Goal of the exercise: Please restate each line of the data that follows word for word, skipping any image.

Records from a collection:
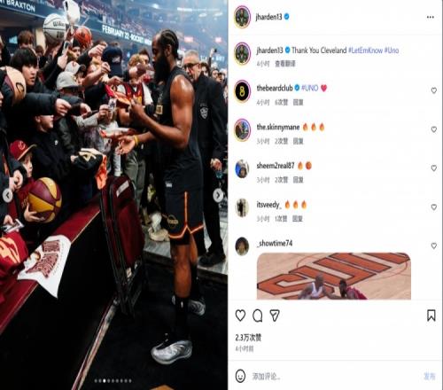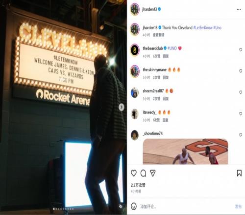 今天哈登更新INS晒出昨日赛前和赛场瞬间,写道:“感谢克利夫兰 #让大家都知道 #Uno”
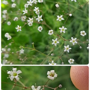 小さい小さいカスミソウさん🎵 が咲きました~✨ どんだけ小さいか指と比べてみました🎶😆
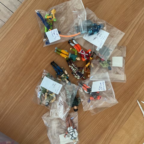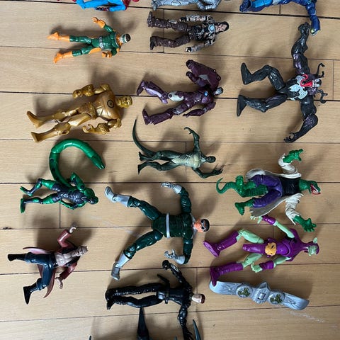 Blandet retro actionfigurer og små figurer i forskellige størrelser og farver. Sættet indeholder flere typer figurer, herunder superhelte-lignende figurer, robotlignende figurer, fantasifigurer og mindre maskotlignende figurer. Figurerne er udført i plast og har forskellige højder og udtryk. Egnet til leg, dekoration eller som supplement til en eksisterende samling af actionfigurer og legetøjsfigurer.
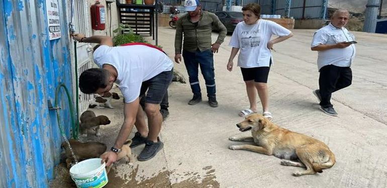 Köpek ve yavruları, itfaiye ekiplerince bölgeden kurtarılarak vatandaşlara teslim edilirken, güvenli bölgeye götürülen köpeklere su ve süt verildi.
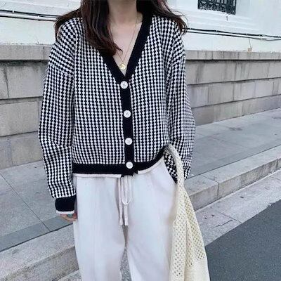 ジャケット 秋 韓国 ニット カーディガン セーター チェック コントラストカラー Vネック ゆったり トップス 百掛け カジュアル韓国ファッション
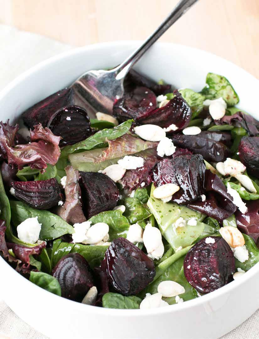In a large bowl, combine roasted beets, greens, pumpkin seeds, and goat cheese.
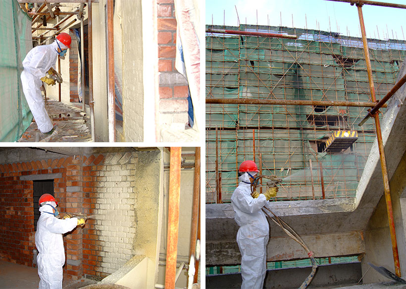 噴涂硬泡聚氨酯外墻外保溫系統(tǒng)采用現(xiàn)場(chǎng)機(jī)械化噴涂作業(yè)施工,施工速度快、效率高。聚氨酯施工對(duì)建筑物外形適應(yīng)能力強(qiáng),尤其適應(yīng)建筑物構(gòu)造節(jié)點(diǎn)復(fù)雜的部位的保溫如:外挑構(gòu)件、閣樓窗等。使用聚氨酯防潮底漆對(duì)基層墻面進(jìn)行處理,提高了聚氨酯保溫層的閉孔率,均化了保溫層與墻體的粘結(jié)力;使用聚氨酯界面砂漿對(duì)聚氨酯面層進(jìn)行處理,提高了聚氨酯與找平材料的粘結(jié)效果;使用膠粉聚苯顆粒漿料對(duì)聚氨酯保溫層進(jìn)行找平處理,提高了系統(tǒng)的保溫、透汽、抗裂、防火性能。外飾面采用面磚飾面,抗震性能好。
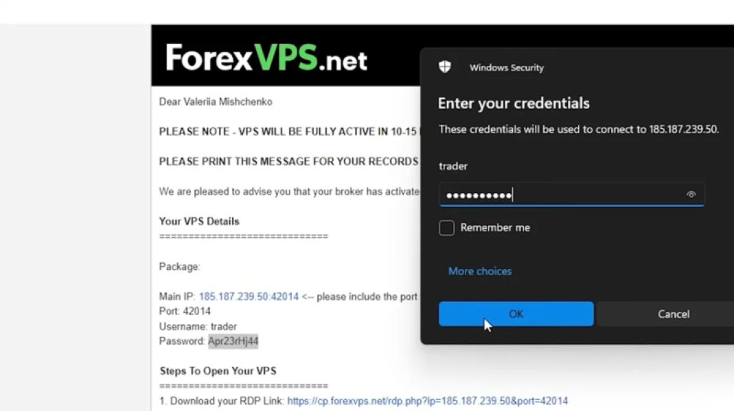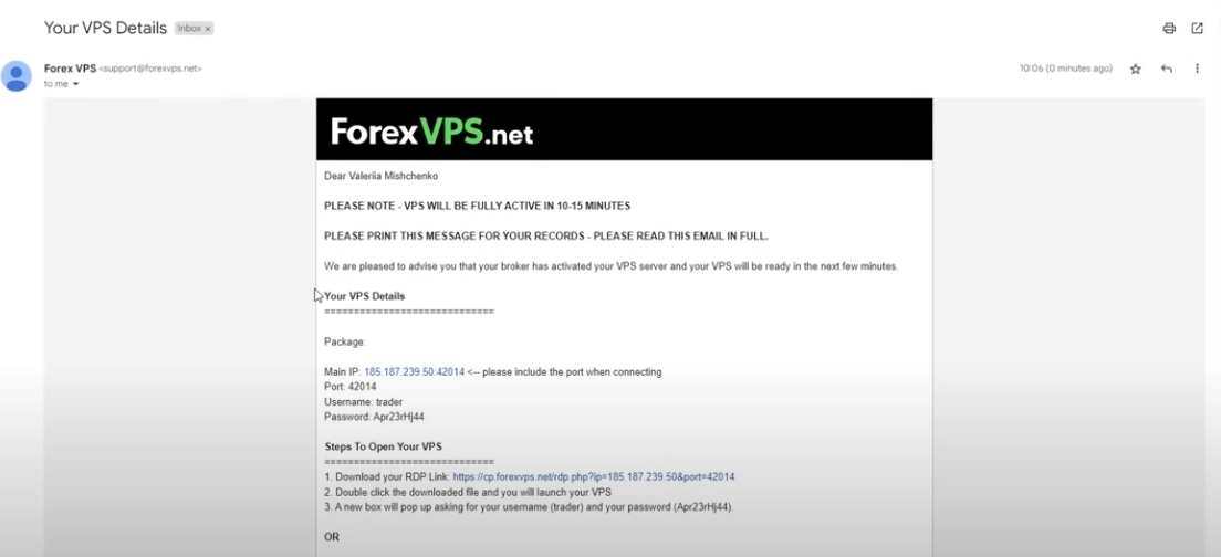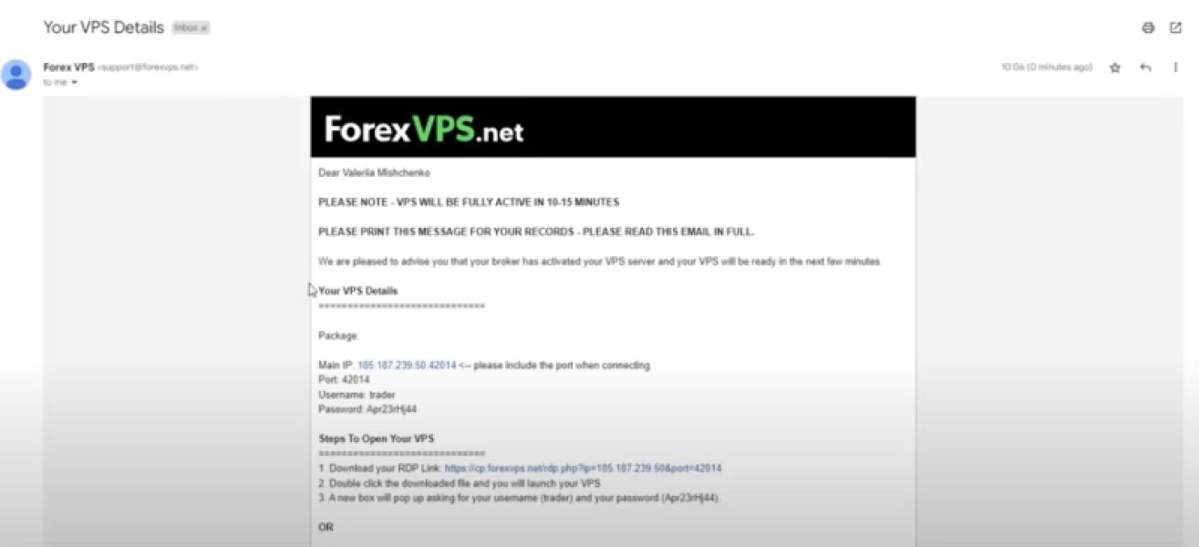 Once you complete the sign-up process through the onboarding form, your EasyVPS will be automatically set up. After we verify your broker account, you will receive an email from ForexVPS.net containing your login credentials and instructions on how to access your server.
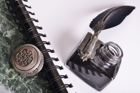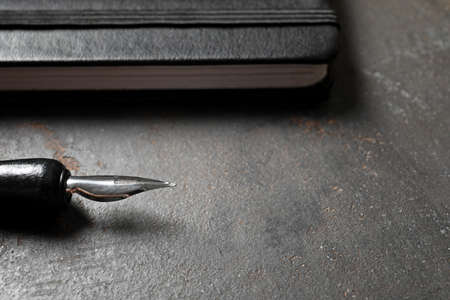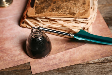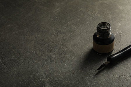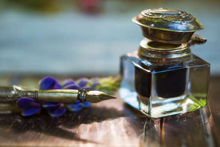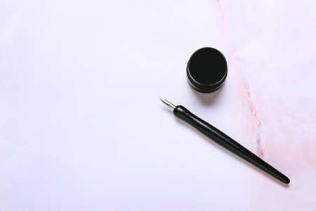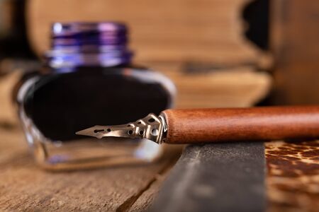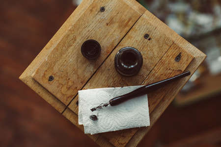 Calligraphy nib and ink in inkwell on a wooden table. Writing accessories in the old workshop. Dark background.
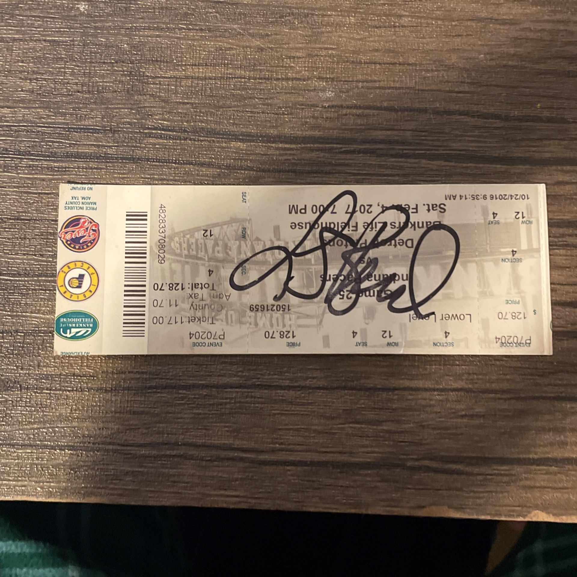 Signed Larry Bird ticket 2/4/2017 Pacers VS Detroit Pistons (Larry bird was the owner of the pacers at the time)

Your response:
 今天哈登更新INS晒出昨日赛前和赛场瞬间,写道:“感谢克利夫兰 #让大家都知道 #Uno”
 小さい小さいカスミソウさん🎵 が咲きました~✨ どんだけ小さいか指と比べてみました🎶😆
 Blandet retro actionfigurer og små figurer i forskellige størrelser og farver. Sættet indeholder flere typer figurer, herunder superhelte-lignende figurer, robotlignende figurer, fantasifigurer og mindre maskotlignende figurer. Figurerne er udført i plast og har forskellige højder og udtryk. Egnet til leg, dekoration eller som supplement til en eksisterende samling af actionfigurer og legetøjsfigurer.
 Köpek ve yavruları, itfaiye ekiplerince bölgeden kurtarılarak vatandaşlara teslim edilirken, güvenli bölgeye götürülen köpeklere su ve süt verildi.
 ジャケット 秋 韓国 ニット カーディガン セーター チェック コントラストカラー Vネック ゆったり トップス 百掛け カジュアル韓国ファッション
In a large bowl, combine roasted beets, greens, pumpkin seeds, and goat cheese.
 噴涂硬泡聚氨酯外墻外保溫系統(tǒng)采用現(xiàn)場(chǎng)機(jī)械化噴涂作業(yè)施工,施工速度快、效率高。聚氨酯施工對(duì)建筑物外形適應(yīng)能力強(qiáng),尤其適應(yīng)建筑物構(gòu)造節(jié)點(diǎn)復(fù)雜的部位的保溫如:外挑構(gòu)件、閣樓窗等。使用聚氨酯防潮底漆對(duì)基層墻面進(jìn)行處理,提高了聚氨酯保溫層的閉孔率,均化了保溫層與墻體的粘結(jié)力;使用聚氨酯界面砂漿對(duì)聚氨酯面層進(jìn)行處理,提高了聚氨酯與找平材料的粘結(jié)效果;使用膠粉聚苯顆粒漿料對(duì)聚氨酯保溫層進(jìn)行找平處理,提高了系統(tǒng)的保溫、透汽、抗裂、防火性能。外飾面采用面磚飾面,抗震性能好。
 Once you complete the sign-up process through the onboarding form, your EasyVPS will be automatically set up. After we verify your broker account, you will receive an email from ForexVPS.net containing your login credentials and instructions on how to access your server.
 Calligraphy nib and ink in inkwell on a wooden table. Writing accessories in the old workshop. Dark background.
 Signed Larry Bird ticket 2/4/2017 Pacers VS Detroit Pistons (Larry bird was the owner of the pacers at the time)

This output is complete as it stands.